- _TASK GOAL_
Keep the pictures out, and restate the listing that follows exactly as written.

- _DATA_
○ ○ ○ ○ ○ ○ ○

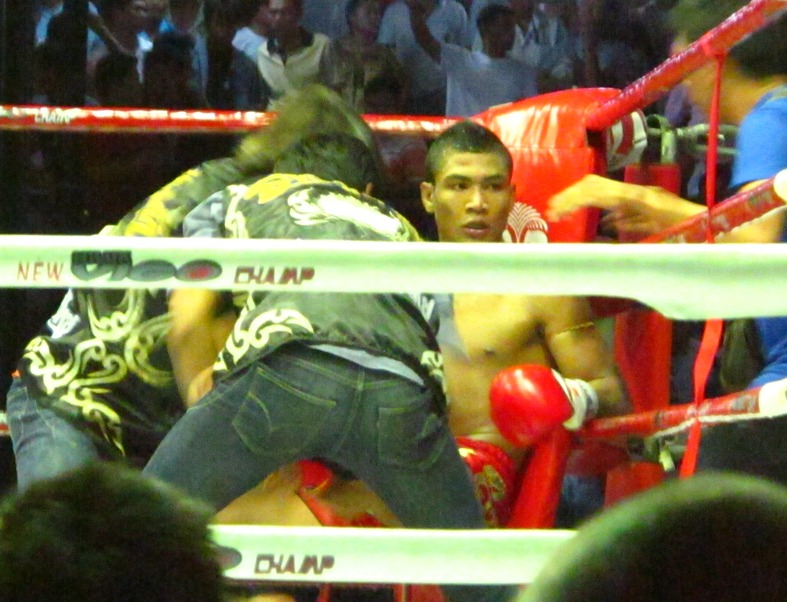 F-16 Rachanon at Lumpini Stadium
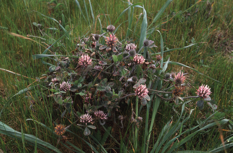 Trifolium hirtum at Humboldt Bay National Wildlife Refuge Complex, California, USA
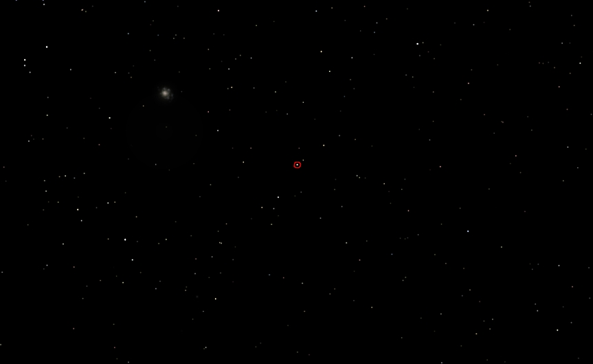 η Andromedae system as seen from earth orbit, M 33 in background. Generated with Celestia

○ ○ ○ ○ ○ ○ ○

- _EXERCISE OUTPUT_
 F-16 Rachanon at Lumpini Stadium
 Trifolium hirtum at Humboldt Bay National Wildlife Refuge Complex, California, USA
 η Andromedae system as seen from earth orbit, M 33 in background. Generated with Celestia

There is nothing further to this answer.